Last week marked a notable downturn for Palantir Technologies Inc. (NASDAQ: PLTR), a leading name in the software and artificial intelligence sectors. Palantir stock saw its steepest decline in seven months despite posting impressive earnings for Q3. Investors and analysts alike are now debating what the future holds as the stock balances on a tightrope between soaring technical advancements and market skepticism.
Understanding Palantir’s Recent Downturn
After closing Friday’s trading session at $177, up 1.65% for the day, Palantir’s stock recorded a sharp 13% drop over the course of the week. The turbulence followed a controversial comment by CEO Alex Karp, who accused short sellers of engaging in “market manipulation.” Among these was prominent investor Michael Burry, famous for his role in “The Big Short,” who reportedly placed bets against both Palantir and Nvidia.
Despite the bearish outlook from short traders, Palantir has shown extraordinary growth year-to-date, boasting a 136% rally.
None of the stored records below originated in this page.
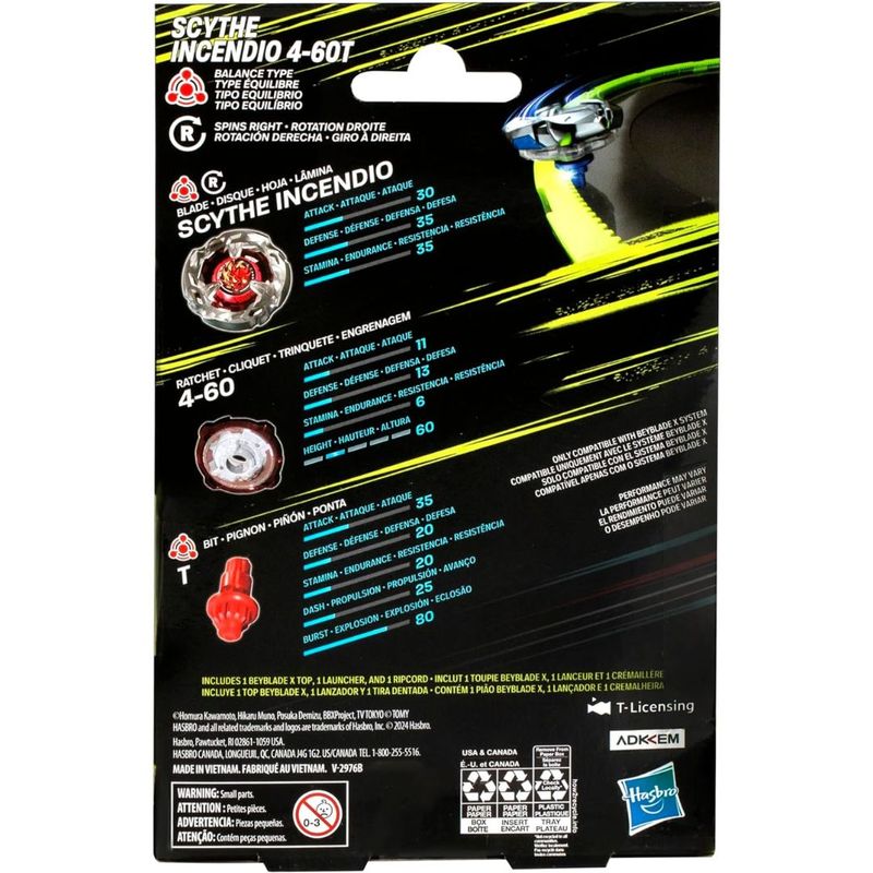 Toda a emoção da nova geração de arenas, lançadores e piões Beyblade: Este kit Inicial Beyblade X inclui 1 pião Scythe Incendio 4-60T tipo equilíbrio e giro à direita e 1 lançador (requer Arena Beystadium required, vendida separadamente). Entrar direto na batalha ou personalizar as camadas intercambiáveis da lâmina, engrenagem e ponta com outros piões Beyblade X (vendidos separadamente). O Beyblade X traz o sistema de engrenagem X-Celerator para elevar a batalha. Quando as engrenagens do pião Beyblade X encontram a guia da arena Beystadium, os piões são lançados com um avanço Xtreme e alcançam velocidades surpreendentes que geram eclosões incríveis e impactos colossais. Os fãs lançam os seus piões em batalhas selvagens contra os seus oponentes. O primeiro a marcar 4 pontos é o vencedor. Os brinquedos Hasbro Beyblade com metal fundido Takara Tomy autêntico são excelentes presentes para meninos e meninas a partir dos 8 anos. Hasbro and all related trademarks and logos are trademarks of Hasbro, Inc.
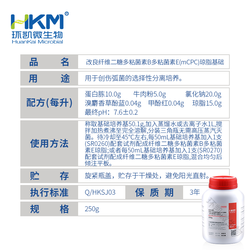 產(chǎn)品名稱:改良纖維二糖多粘菌素B多粘菌素E(mCPC)瓊脂/纖維二糖多粘菌素E(CC)瓊脂
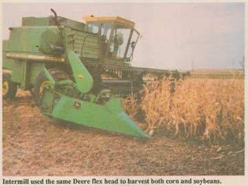 Based on his tests, Intermill says he thinks a short statured plant works best for solid-seeded corn when a flex head is used to harvest it because it allows the reel to reach the ears. He experimented with a 75-day, 4-ft. high Cargill dwarf hybrid that he planted at 42,000 seeds per acre (his goal was 50,000 seeds per acre). He says plant height isn't a concern when a corn head is used.
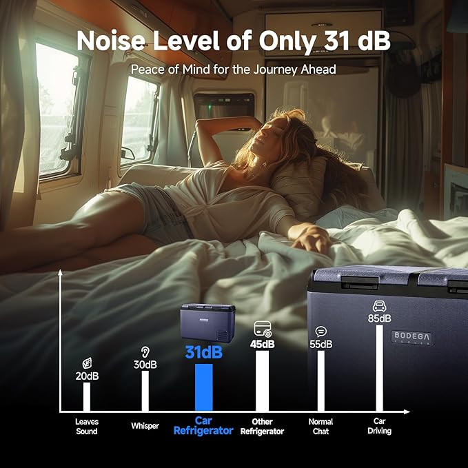 - 【LOW NOISE&Anti-Shock】Conquers bumpy roads! Featuring a shock-absorbing design that works reliably at a 45° angle, it's perfect for trucks, RVs, or uneven terrain. The in-vehicle refrigerator stays stable on bumpy rides, reduces rattles, and operates at less than 31dB, giving you a quiet ride!
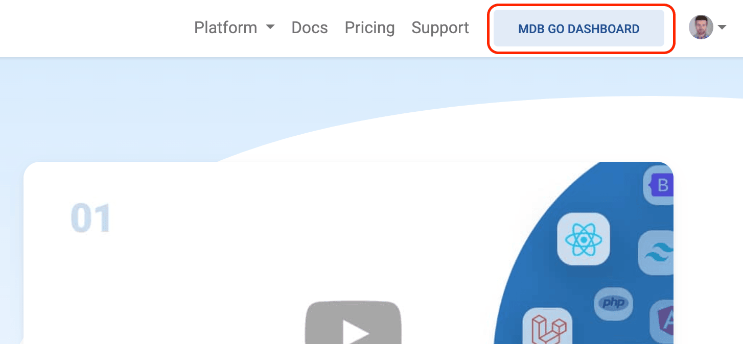 The MDB GO DASHBOARD button will then appear in the navbar in the upper right corner. Click on it to go to the MDB GO administration panel.
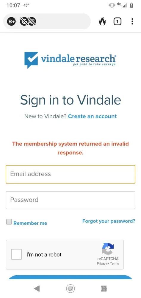 I have been a client of vindale research for about 5 years. This problem has been going on for about for at least 6 weeks. The problem is on your end. It seems that every time I try to log in to my account I keep getting this stupid message (error for site owner, invalid domain for site key). Ever since I first signed up I have had to access my account thru facebook and now I an't even do that. I have approximately $46.52 in my account and don't feel like loosing it or starting over with another email address and password.
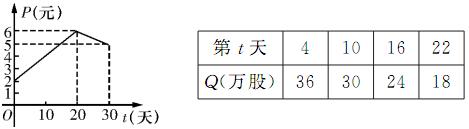 某上市股票在30天内每股的交易价格(元)与时间(天)组成有序数对,点落在下图中的两条线段上,该股票在30天内(包括30天)的日交易量(万股)与时间(天)的部分数据如下表所示。
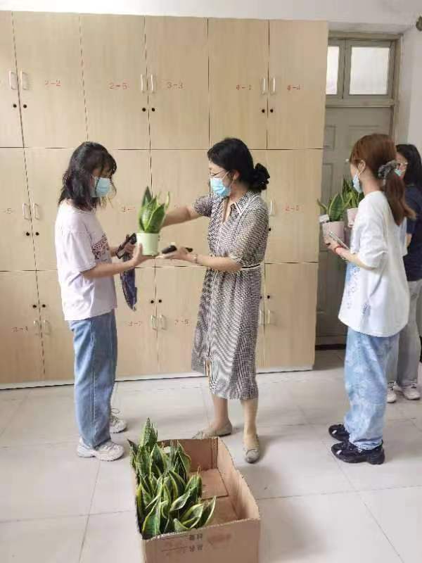 学院领导在宿舍与同学们亲切交谈,询问了大家住宿环境、饮食习惯、家乡户籍、毕业院校、专业背景等,对于大家关心的毕业条件、学习要求也做了详细解读,并嘱咐大家要注意校园安全、用电安全和网络诈骗,希望大家能够在学校、学院度过收获满满的两年。对大家的到来表示热烈欢迎,学院领导为每一位新生赠送了写有“食品2003班学业顺利“祝福标签的绿色盆栽,希望同学们能在“新学年、新起点”,走向“新征程”,迎接“新挑战”,燃起“新希望”。
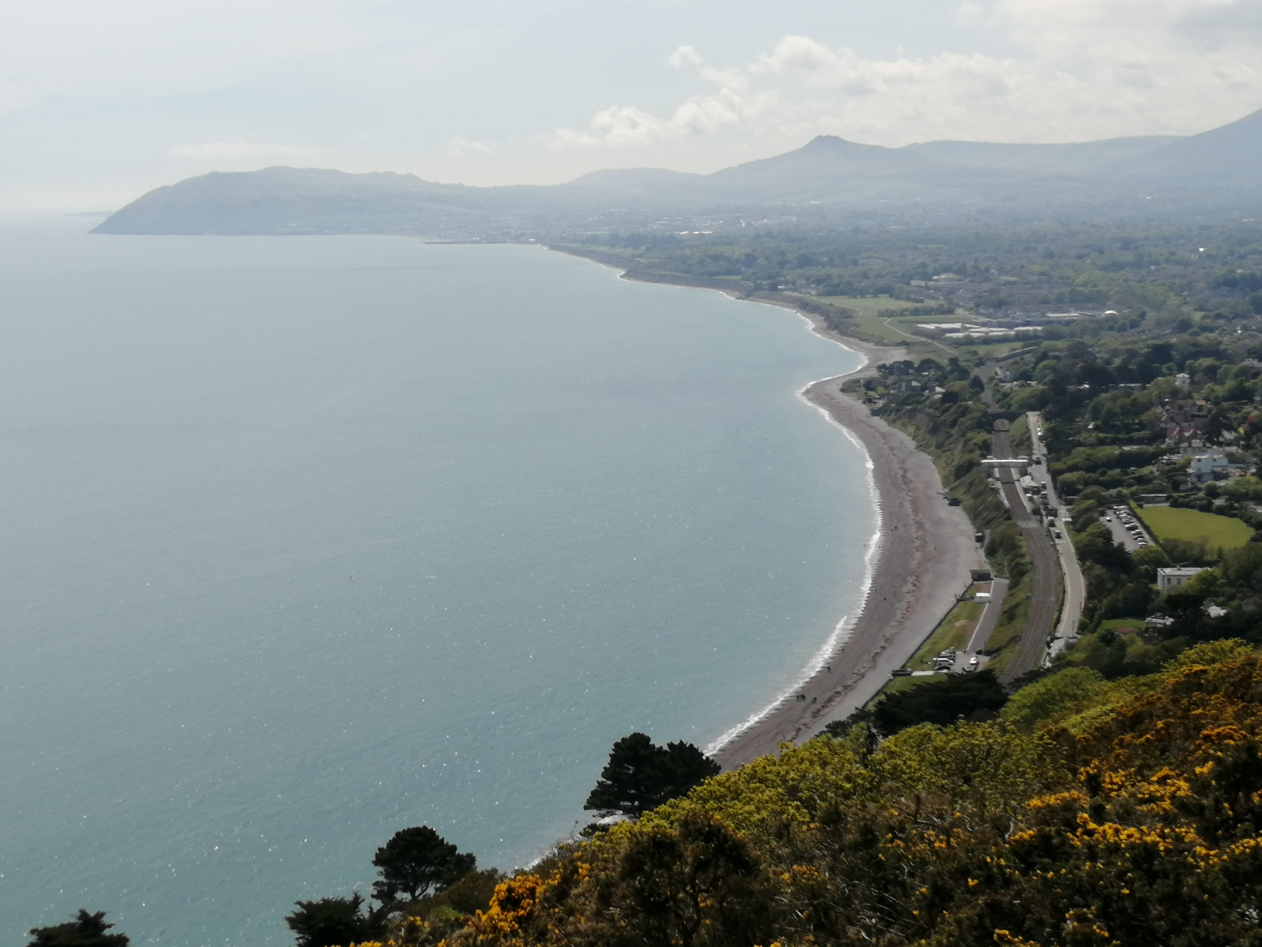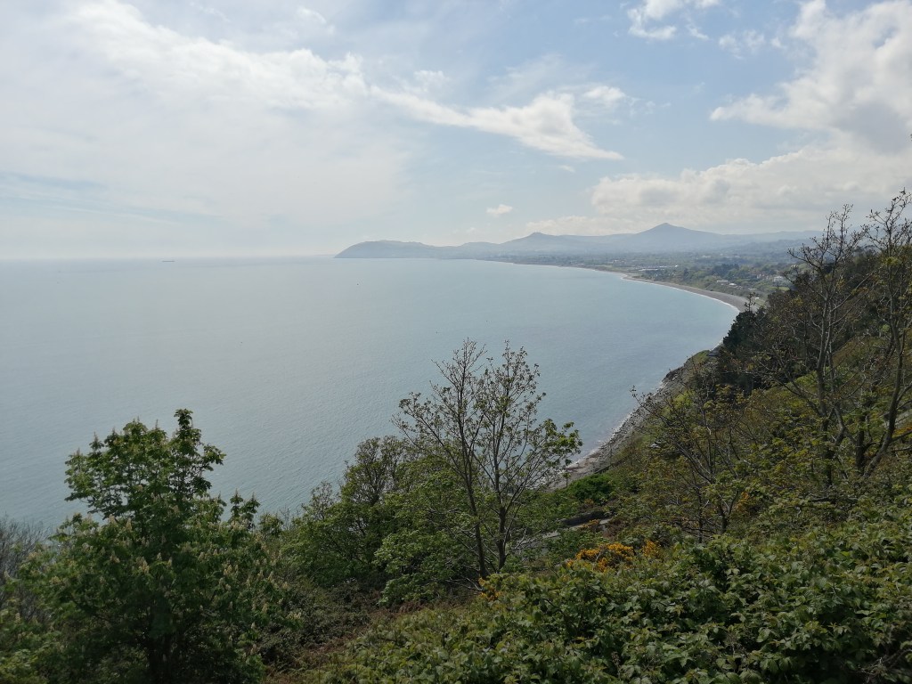 A great view of the bay from the path, the pronounced peak of the Sugarloaf in the distance. County Wicklow begins just a little down below to the right. (Photo: D.Breatnach)
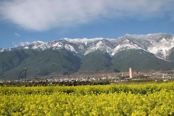 苍山,是云岭山脉南端的主峰,其间林壑深邃,蓊蓊郁郁,“不知生在翠微里,疑泛虚舟碧海中”。苍山以雪、云、泉、石著称,经夏不消的苍山雪,是大理“风花雪月”四大名景之最,远望苍山,皑皑白雪,雪色映天,十九峰巍峨于烟云缭绕间,恰似十九位玲珑的少女,披着绿装,半蒙轻纱,翩然起舞。
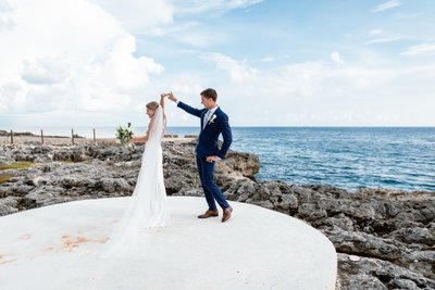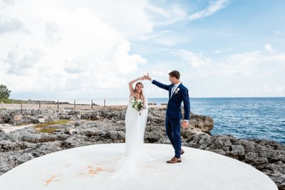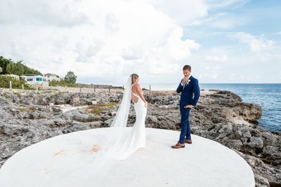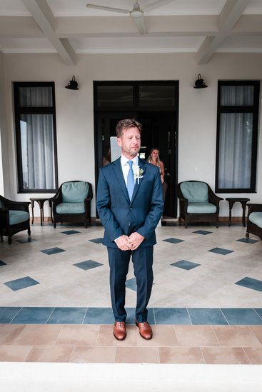 While Cara was getting ready inside, Austin found his moment of stillness on the cliffs. In one of the most quietly powerful images of the day, he stands alone at the edge of a concrete platform — a tiny figure against the vast expanse of the Caribbean Sea — suited in navy, hands clasped, head bowed. He could be praying. He could be steeling himself. He could be making promises to himself and to the universe.
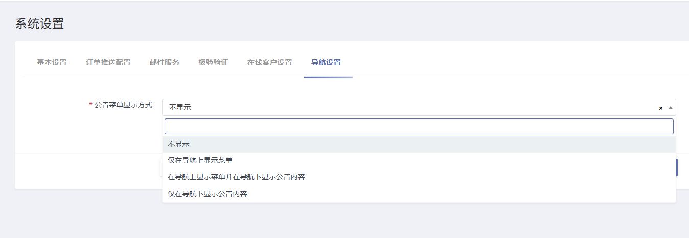 - 导航设置 :配置公告菜单的显示方式
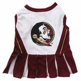 Are you getting ready for game day We've got you covered...!100% soft polyester screen printed team cheerleader outfit. - Team Name & Logo printed on the back in vibrant colorsContrast pleated skirt with velcro closure frontOfficially NCAA Licensed!For sizing specifications please refer to the size chart by measuring your dog from the nape of the neck to the base of the tail. Machine wash delicate, cold water, line dry, do not iron
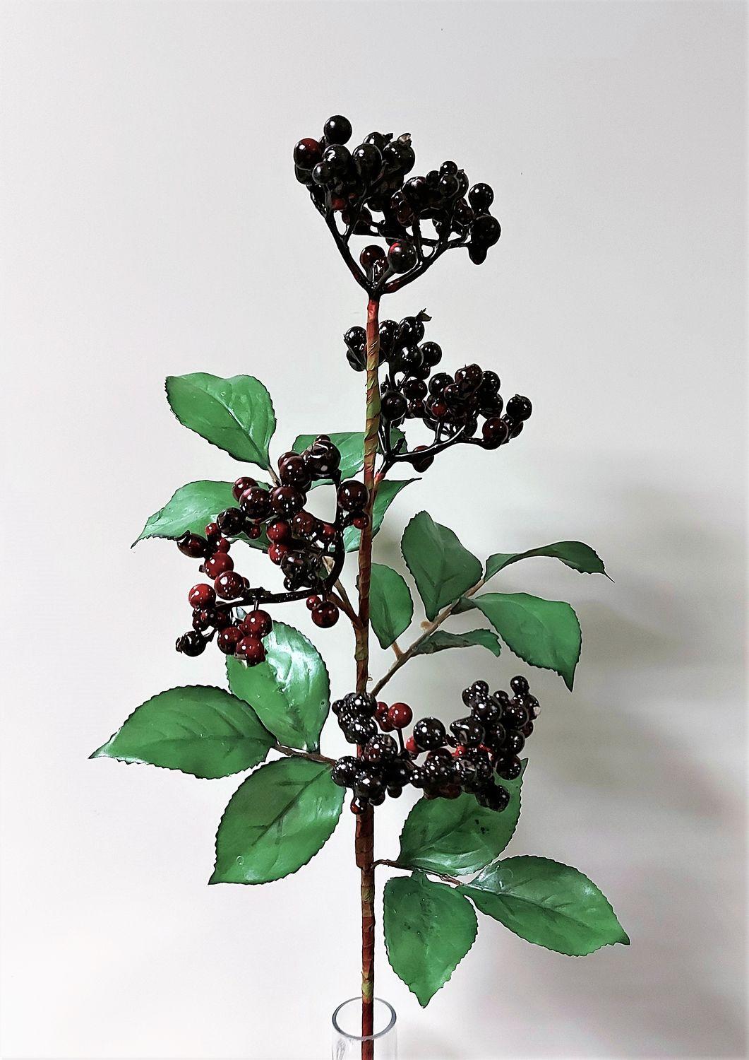 Decorative elderberry branch CHATANGA with fruits, burgundy red-black, 24"/60cm
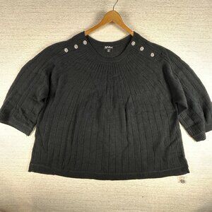 Soft Focus Womens 4X Black Knit Ribbed 3/4 sleeve Sweater Feminine Romantic Soft
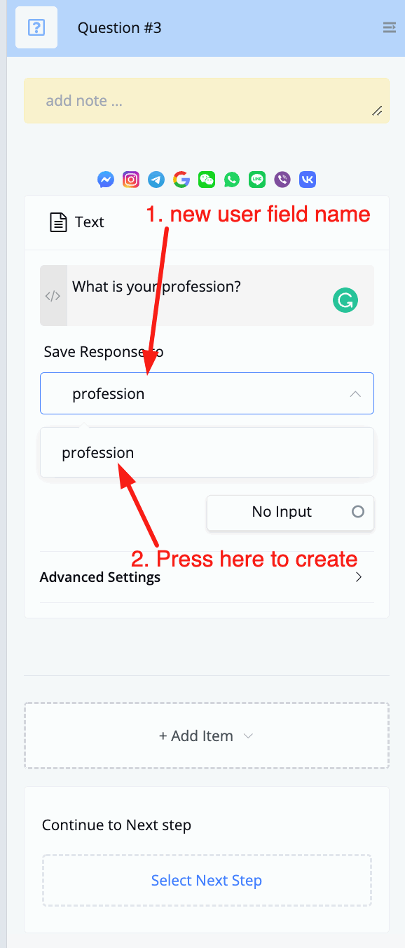 Another way to create a user field is by doing so directly inside the flow builder. This has the huge advantage that you can create user fields on the fly and not have to go to the user fields overview tab first.
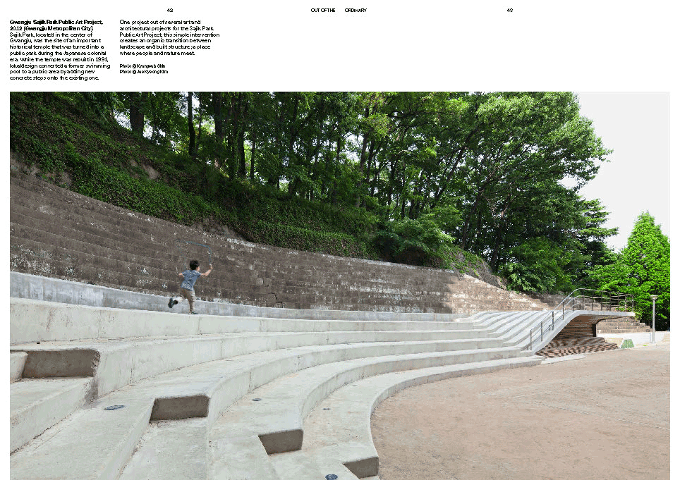 Since the global financial crisis of 2008, the conditions of architectural practice in Korea have fundamentally changed. This new environment has also been a seedbed of architectural creativity, particularly for young architects seeking to establish their foothold in a competitive market. Young innovative architects have responded with a combination of resourcefulness, sophistication and toughness in their interventions into the site and program and into materials and fabrication. Presenting the work of nine architects, two photographers, and a team of designers, Out of the Ordinary is a critical presentation of the contemporary conditions of Korean architecture.
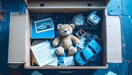 A collection of vintage mementos like postcards and old tickets, scattered across a desk, with an empty space to add a cherished photograph
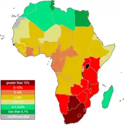 ایدز در آفریقا، خاستگاه این بیماری به صورت یک اپیدمی فراگیر درآمده است که رفته رفته به صورت مهمترین عامل جلوگیری از پاگیری اقتصادها و حکومتهای پایدار در این قاره جلوهگر میشود،۲۶ میلیون از بیش از ۴۰ میلیون انسان حامل ویروس اچآیوی آفریقائیاند و تا به حا ل بیش از ۲۵ میلیون نفر در این قاره جان خود را به دلیل ابتلای به آن از دست دادهاند. هرچند زندگی همراه با آلودگی به ویروس اچآیوی ممکن است ولی در عمل، در کشورهای فقیر جهان تنها ۱/۶میلیون نفر به داروهای کنترل ایدز دست مییابند. عدم توانایی مالی برای تأمین هزینههای سنگین این داروها برای عده بسیار زیادی از مبتلایان منجر به عدم آغاز پروسه درمان میگردد و مطابق آمار بیشتر کسانی که بر اثر کمبود پول از بیماری ایدز میمیرند، در آفریقا و در جنوب صحرا زندگی میکنند. بیشتر آنان زنان هستند که پس از مرگ، کودکانشان بیسرپرست میمانند.[11]
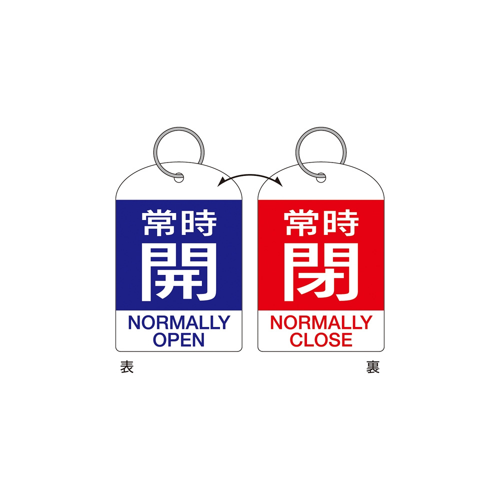 バルブ開閉札 60×40 2枚1組 両面印刷 表記:青常時開/赤常時閉 (162041)
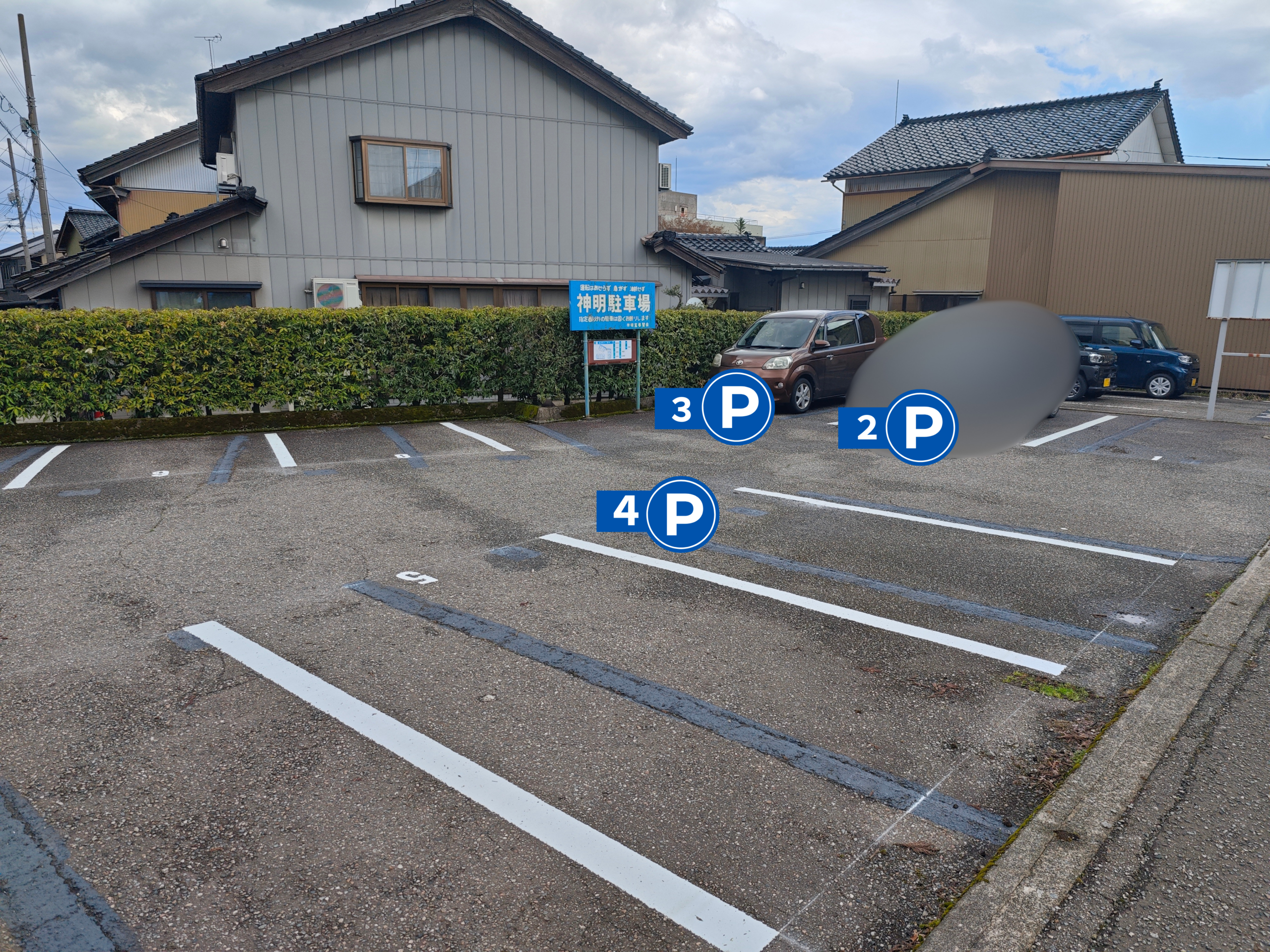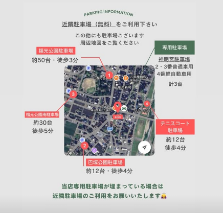 専用駐車場はお店の向かいにある「神明駐車場」に3台分あります。

With its price currently hovering near the 50-day simple moving average (SMA) of $177.73, the stock suggests short-term stability. Meanwhile, its 200-day SMA sits significantly lower at $135.32, maintaining a strong long-term uptrend.
Record-Breaking Financials in Q3
Palantir reported its highest-ever revenue growth in the third quarter of 2025, reaching $1.18 billion—a 63% year-over-year increase. The company also exceeded Wall Street forecasts, reporting earnings per share of $0.21, which represents a 25% beat against expectations. This marks Palantir’s eighth consecutive quarter of surpassing earnings and revenue estimates, solidifying its reputation for consistent performance in volatile markets.
Key highlights from its financial growth include:
- Quarterly Revenue Surge: From $446 million in Q1 2022 to $1.18 billion in Q3 2025.
- Profitability Spike: EPS rose from $0.02 to $0.21 during the same timeframe, with only one unprofitable quarter in the last 15 quarters.
- Positive Net Margin: Flipped from –9% in 2022 to +40% in 2025.
- Strong Free Cash Flow: Achieved $311 million in Q3, with a trailing 12-month total of $817 million (a 21% margin).
Why is the Market Divided?
The recent dip in Palantir’s stock has reignited debates among market analysts. On one side, bulls argue that the company’s AI-focused initiatives, growing profitability, and robust commercial adoption are indicators of long-term success. Bears, however, raise key concerns about its valuation potentially outpacing fundamentals. Heavy reliance on government contracts and intensifying competition in the AI space are also seen as risks that could impact its future margin growth.
Looking Ahead: Is Palantir Still a Buy?
Palantir’s future potential continues to pivot on its advancements in artificial intelligence and commercial sector adoption. Investors remain divided on whether its valuation is sustainable. If you’re interested in diversifying your portfolio with tech stocks, this is a company worth keeping on your radar.